● What the task requires
The entries that follow must be written out exactly, without any of the pictures they contain.

● Material shown
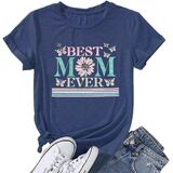 ميزات لامعة: تي شيرت كاجوال للعطلات أفضل قطة وكلب وأم على الإطلاق، تي شيرت صيفي لطيف مطبوع عليه حروف ماما، تي شيرت للعطلات العائلية، تي شيرت مضحك إيجابي ملهم، تي شيرت نسائي برسومات ساخرة، قميص صيفي مضحك لطيف برسومات عباد الشمس ديزي للسفر قصير الأكمام. رقبة دائرية فضفاضة، أزرق داكن كلاسيكي كلاسيكي مع تي شيرت برسومات فراشة وردية لطيفة، وطباعة حروف "Best Mom Ever" البراقة لإظهار حبك لأمك
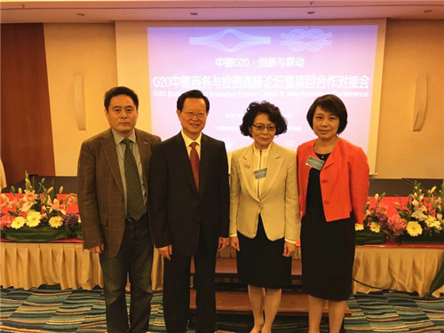 在中德商务与投资高峰论坛上,杭州市副市长谢双成、汉堡市国务秘书波辛根、中国驻汉堡总领馆总领事孙从彬出席并致辞。德国经济参议会副主席格德·布鲁德和杭州市侨商会会长、浙江华日集团公司董事长陈励君分别作了以“创新与联动”和“为我们共同的家园而努力”为主题的主旨演讲,受到与会代表的热烈赞赏。会上还就杭州德欧中小企业中心项目,杭州中德大健康合作项目进行了签约。
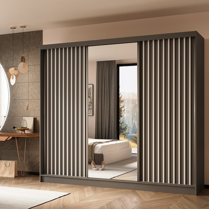 Szafa Przesuwna LAMELLO 240 cm z Lustrem Szafa Trzydrzwiowa Szara
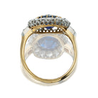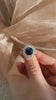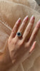A deep blue sapphire contrasts beautifully with her halo of bright and white antique diamonds in this stunning antique piece. We love her two-tone design and full finger coverage for a chic cluster ring that will only get better with time.
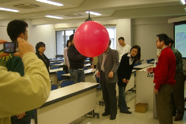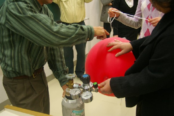 ■ヘリウムガスを風船に充填し、直径70cm程度の気球にする。
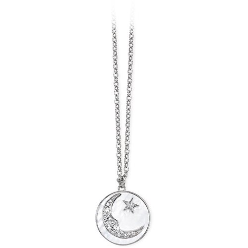 Collana donna , acciaio 316L , girocollo maglia rolò , lunghezza cm 45 regolabile fino a cm 40 , pendente cm 2.5 , diametro cm 2 , madreperla , cristalli bianchi. Immagine indicativa , la confezione può variare di forma e colore.
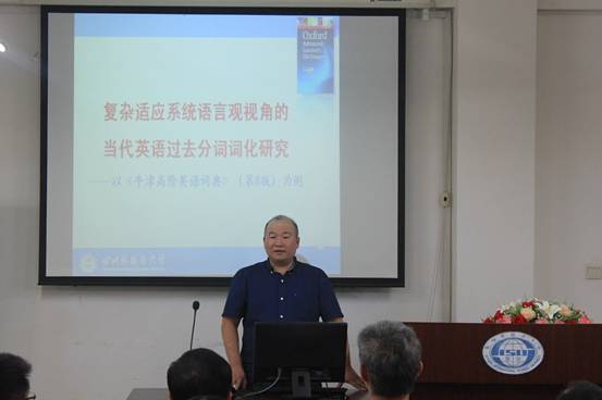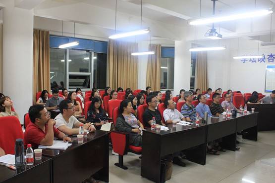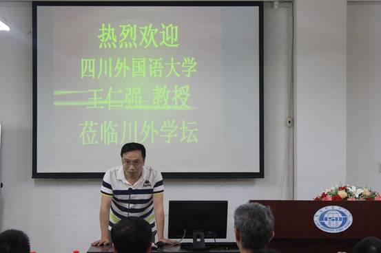 2017年9月14日晚上19:00,四川外国语大学研究生院院长王仁强教授应我校语言脑科学研究中心及川外学坛的邀请,在博文楼六楼报告厅举行题为“复杂适应系统语言观视角的英语过去分词词化问题研究”的学术讲座。讲座由国际教育学院刘宇教授主持,我校姜孟教授、刘玉梅教授、胡文飞教授、张宏教授、赵永峰教授、刘兴兵教授、马武林教授、邓宇博士等出席。此外,各年级博士、硕士研究生参加了本次学坛活动。
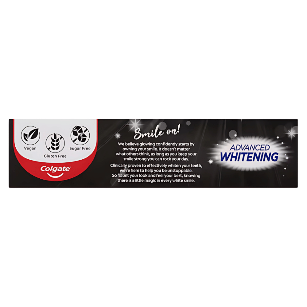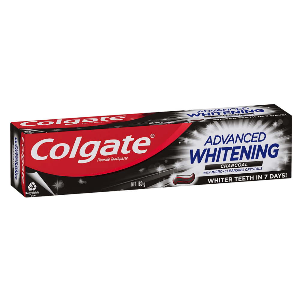 Colgate Advanced Whitening Charcoal is a whitening toothpaste infused with charcoal powder. The unique formula containing Micro-Cleansing Crystals is clinically proven to gently polish and effectively whiten your teeth.
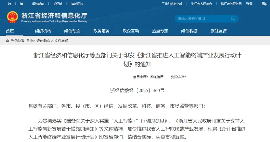 为贯彻落实《国务院关于深入实施“人工智能+”行动的意见》、《浙江省人民政府印发关于支持人工智能创新发展若干措施的通知》等文件精神,加快推进浙江省人工智能终端产业发展,浙江省经济和信息化厅等五部门联合制定《浙江省推进人工智能终端产业发展行动计划》(以下简称《计划》)并于近日印发。
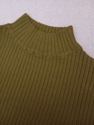 Vestido de punto ajustado con cuello alto. - Diseño de canalé. - Manga larga. - Largo hasta la rodilla.
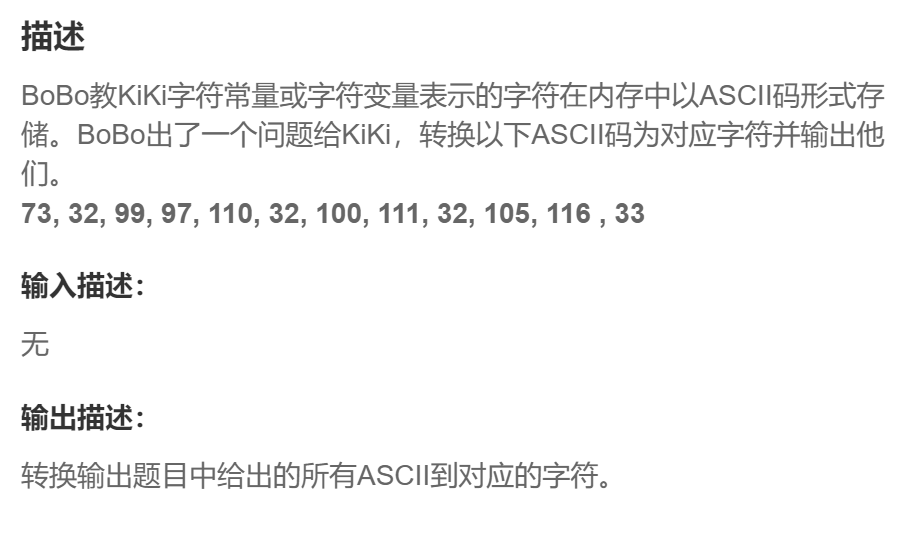 原题链接:ASCII码_牛客题霸_牛客网
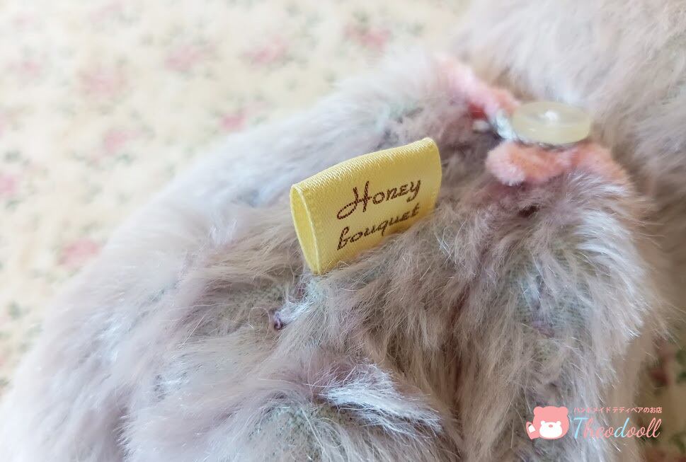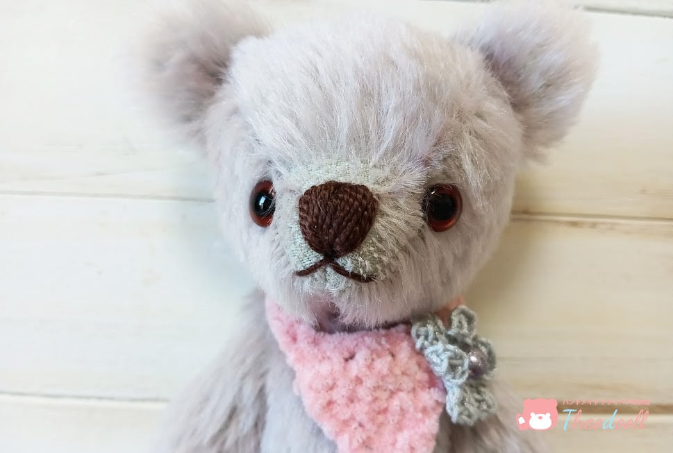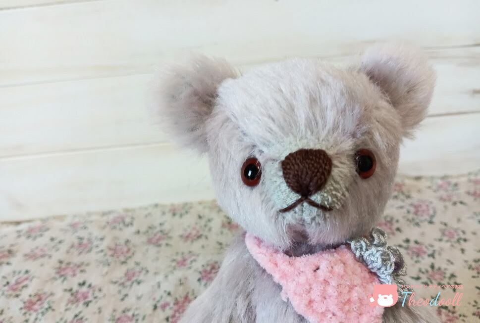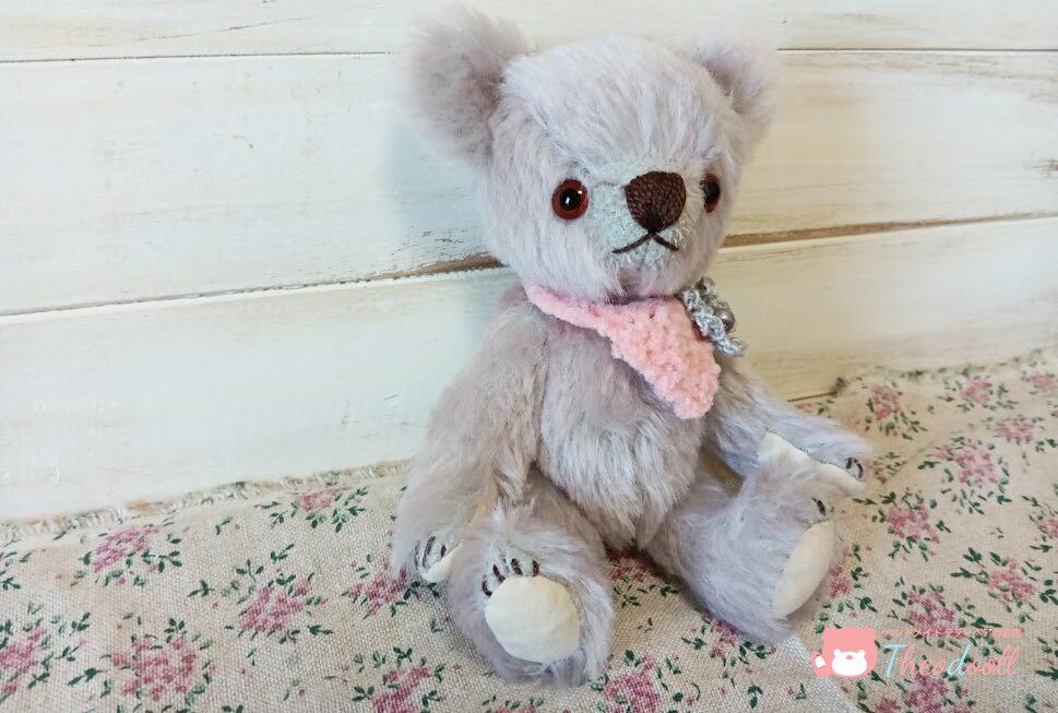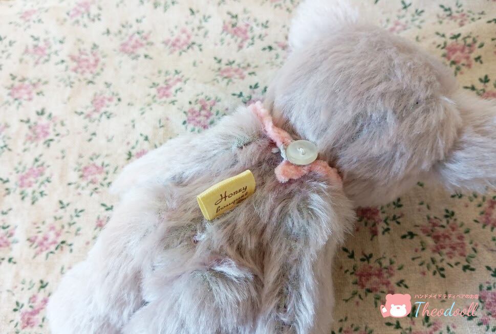 ラベンダー色で、手のひらにぴったり収まるサイズのくまさん。お出かけにも一緒に連れて行けるサイズです。
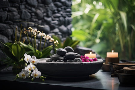 Experience a serene spa environment with black stones, a soft towel, and aromatic lavender in a wooden bowl, perfect for relaxation and wellness treatments.
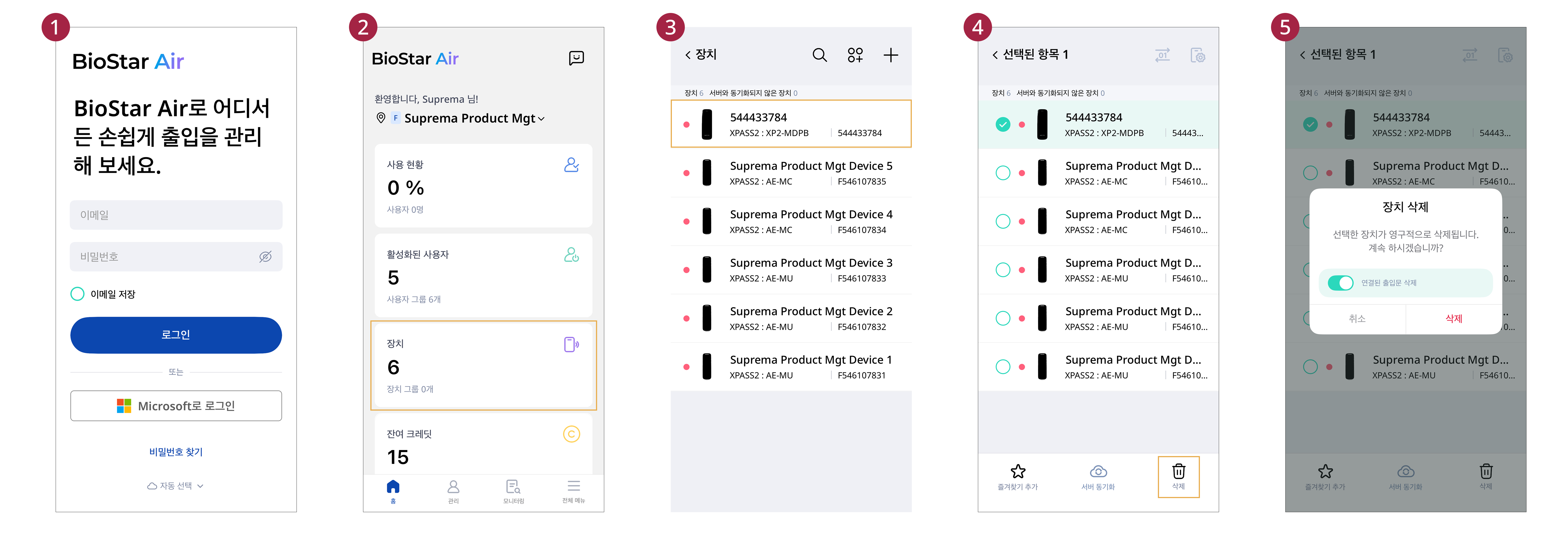 장치 등록 및 삭제하기
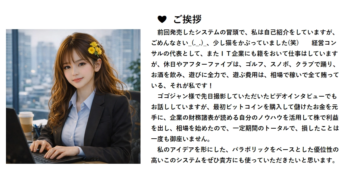 このシステムは、サインに従って取引するだけでも利益が出せるような仕様になっています。実際に私が使って普通に利益が出ているので、自信を持ってそう言えます。 でも、それでは貴方の考え方は? 貴方はどこにいるの? 皆さんは、AIがいくら優秀だからと言って、AIの言いなりになりますか? コンサルがいくら有能だからといって、コンサルの言うとおりに経営判断しませんよね? そうです、相場においても、システムのシグナルと、貴方の見方が一致した時に、自信を持ってエントリーするのが、最も効果的です。システムと貴方の考え方が一致したら、そうです、その時は自信を持って、「相場でGo!」です。システムと貴方の二人三脚です。それが最も効率が良い方法だと私は思っています。勿論、私はシステムの指示通りにやっても、確かに利益が出ることは確認しています。それでも、私は、自分の見方も大切にしていて、頼れる相棒と二人三脚で楽しく相場をやっています💖 このシステムは、パラボリックをベースとして作られているため、流れに乗るのが簡単で、大きな損失が発生することがないため、初心者の方にもお勧めのシステムです!
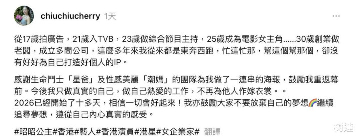 陈昭昭在2026年开端在酬酢平台上发文预报我方会重返文娱圈。她写下了一篇小随笔,简便回来了我方的东谈主生阅历,她称17岁就拍摄了告白,21岁加入TVB发展,23岁作念了主抓,25岁成为了电影女主角,30岁创业作念雇主,诞生多家公司。这东谈主生阅历很丰富,然而她称从来莫得好好为我方打造专属IP,而在好友以及同伴们的饱读舞之下,她决定重返台前,作念我方醉心的职责,不再为别东谈主作嫁穿着,并称在2026年要背叛内心实在的感受。诚然不知谈陈昭昭是何以而有要复出的决定,但在快要年过半百之际还能作念出这个决定,想必亦然流程三念念尔后行,改日发展就算不好也无愧于己了。
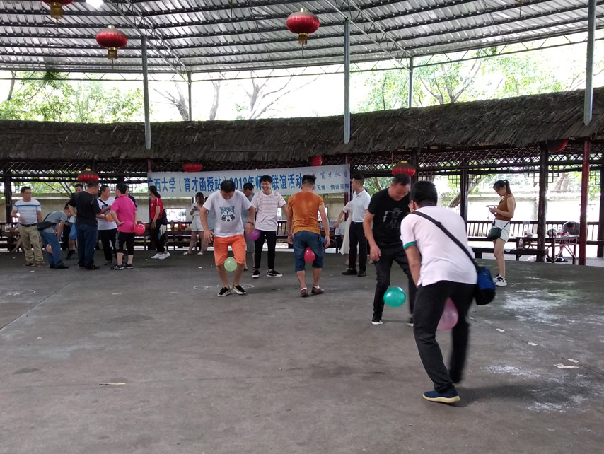 青春無(wú)悔,情誼無(wú)限。7月8日,2018年春學(xué)期廣西大學(xué)師生聯(lián)誼活動(dòng)在柳州萬(wàn)聚山莊順利開(kāi)展,70余名師生參加了活動(dòng)。本次活動(dòng)由廣西大學(xué)育才教育函授站組織,活動(dòng)內(nèi)容包括歡樂(lè)聚餐、趣味游戲、聯(lián)誼交流等環(huán)節(jié)。趣味游戲環(huán)節(jié)設(shè)置了丑小鴨賽跑、接力脫衣穿衣、心有靈犀猜成語(yǔ)、九人十足游戲,其中各個(gè)游戲的懲罰環(huán)節(jié)成為現(xiàn)場(chǎng)活動(dòng)的亮點(diǎn)和笑點(diǎn)。師生齊上陣,既有既當(dāng)裁判又當(dāng)運(yùn)動(dòng)員“欲玩還羞”的老師,又有多才多藝的學(xué)生主持人,還有足以“走紅抖音”的“戲精上身”搞笑片刻。在這個(gè)火熱的盛夏,在這個(gè)春學(xué)期期末的課余時(shí)間里,青春寫(xiě)在同學(xué)們的臉上,展現(xiàn)在師生之情的良好氛圍中,一起悅享生活,攜手進(jìn)步。

● Result for this task
 ميزات لامعة: تي شيرت كاجوال للعطلات أفضل قطة وكلب وأم على الإطلاق، تي شيرت صيفي لطيف مطبوع عليه حروف ماما، تي شيرت للعطلات العائلية، تي شيرت مضحك إيجابي ملهم، تي شيرت نسائي برسومات ساخرة، قميص صيفي مضحك لطيف برسومات عباد الشمس ديزي للسفر قصير الأكمام. رقبة دائرية فضفاضة، أزرق داكن كلاسيكي كلاسيكي مع تي شيرت برسومات فراشة وردية لطيفة، وطباعة حروف "Best Mom Ever" البراقة لإظهار حبك لأمك
 在中德商务与投资高峰论坛上,杭州市副市长谢双成、汉堡市国务秘书波辛根、中国驻汉堡总领馆总领事孙从彬出席并致辞。德国经济参议会副主席格德·布鲁德和杭州市侨商会会长、浙江华日集团公司董事长陈励君分别作了以“创新与联动”和“为我们共同的家园而努力”为主题的主旨演讲,受到与会代表的热烈赞赏。会上还就杭州德欧中小企业中心项目,杭州中德大健康合作项目进行了签约。
 Szafa Przesuwna LAMELLO 240 cm z Lustrem Szafa Trzydrzwiowa Szara
A deep blue sapphire contrasts beautifully with her halo of bright and white antique diamonds in this stunning antique piece. We love her two-tone design and full finger coverage for a chic cluster ring that will only get better with time.
 ■ヘリウムガスを風船に充填し、直径70cm程度の気球にする。
 Collana donna , acciaio 316L , girocollo maglia rolò , lunghezza cm 45 regolabile fino a cm 40 , pendente cm 2.5 , diametro cm 2 , madreperla , cristalli bianchi. Immagine indicativa , la confezione può variare di forma e colore.
 2017年9月14日晚上19:00,四川外国语大学研究生院院长王仁强教授应我校语言脑科学研究中心及川外学坛的邀请,在博文楼六楼报告厅举行题为“复杂适应系统语言观视角的英语过去分词词化问题研究”的学术讲座。讲座由国际教育学院刘宇教授主持,我校姜孟教授、刘玉梅教授、胡文飞教授、张宏教授、赵永峰教授、刘兴兵教授、马武林教授、邓宇博士等出席。此外,各年级博士、硕士研究生参加了本次学坛活动。
 Colgate Advanced Whitening Charcoal is a whitening toothpaste infused with charcoal powder. The unique formula containing Micro-Cleansing Crystals is clinically proven to gently polish and effectively whiten your teeth.
 为贯彻落实《国务院关于深入实施“人工智能+”行动的意见》、《浙江省人民政府印发关于支持人工智能创新发展若干措施的通知》等文件精神,加快推进浙江省人工智能终端产业发展,浙江省经济和信息化厅等五部门联合制定《浙江省推进人工智能终端产业发展行动计划》(以下简称《计划》)并于近日印发。
 Vestido de punto ajustado con cuello alto. - Diseño de canalé. - Manga larga. - Largo hasta la rodilla.
 原题链接:ASCII码_牛客题霸_牛客网
 ラベンダー色で、手のひらにぴったり収まるサイズのくまさん。お出かけにも一緒に連れて行けるサイズです。
 Experience a serene spa environment with black stones, a soft towel, and aromatic lavender in a wooden bowl, perfect for relaxation and wellness treatments.
 장치 등록 및 삭제하기
 このシステムは、サインに従って取引するだけでも利益が出せるような仕様になっています。実際に私が使って普通に利益が出ているので、自信を持ってそう言えます。 でも、それでは貴方の考え方は? 貴方はどこにいるの? 皆さんは、AIがいくら優秀だからと言って、AIの言いなりになりますか? コンサルがいくら有能だからといって、コンサルの言うとおりに経営判断しませんよね? そうです、相場においても、システムのシグナルと、貴方の見方が一致した時に、自信を持ってエントリーするのが、最も効果的です。システムと貴方の考え方が一致したら、そうです、その時は自信を持って、「相場でGo!」です。システムと貴方の二人三脚です。それが最も効率が良い方法だと私は思っています。勿論、私はシステムの指示通りにやっても、確かに利益が出ることは確認しています。それでも、私は、自分の見方も大切にしていて、頼れる相棒と二人三脚で楽しく相場をやっています💖 このシステムは、パラボリックをベースとして作られているため、流れに乗るのが簡単で、大きな損失が発生することがないため、初心者の方にもお勧めのシステムです!
 陈昭昭在2026年开端在酬酢平台上发文预报我方会重返文娱圈。她写下了一篇小随笔,简便回来了我方的东谈主生阅历,她称17岁就拍摄了告白,21岁加入TVB发展,23岁作念了主抓,25岁成为了电影女主角,30岁创业作念雇主,诞生多家公司。这东谈主生阅历很丰富,然而她称从来莫得好好为我方打造专属IP,而在好友以及同伴们的饱读舞之下,她决定重返台前,作念我方醉心的职责,不再为别东谈主作嫁穿着,并称在2026年要背叛内心实在的感受。诚然不知谈陈昭昭是何以而有要复出的决定,但在快要年过半百之际还能作念出这个决定,想必亦然流程三念念尔后行,改日发展就算不好也无愧于己了。
 青春無(wú)悔,情誼無(wú)限。7月8日,2018年春學(xué)期廣西大學(xué)師生聯(lián)誼活動(dòng)在柳州萬(wàn)聚山莊順利開(kāi)展,70余名師生參加了活動(dòng)。本次活動(dòng)由廣西大學(xué)育才教育函授站組織,活動(dòng)內(nèi)容包括歡樂(lè)聚餐、趣味游戲、聯(lián)誼交流等環(huán)節(jié)。趣味游戲環(huán)節(jié)設(shè)置了丑小鴨賽跑、接力脫衣穿衣、心有靈犀猜成語(yǔ)、九人十足游戲,其中各個(gè)游戲的懲罰環(huán)節(jié)成為現(xiàn)場(chǎng)活動(dòng)的亮點(diǎn)和笑點(diǎn)。師生齊上陣,既有既當(dāng)裁判又當(dāng)運(yùn)動(dòng)員“欲玩還羞”的老師,又有多才多藝的學(xué)生主持人,還有足以“走紅抖音”的“戲精上身”搞笑片刻。在這個(gè)火熱的盛夏,在這個(gè)春學(xué)期期末的課余時(shí)間里,青春寫(xiě)在同學(xué)們的臉上,展現(xiàn)在師生之情的良好氛圍中,一起悅享生活,攜手進(jìn)步。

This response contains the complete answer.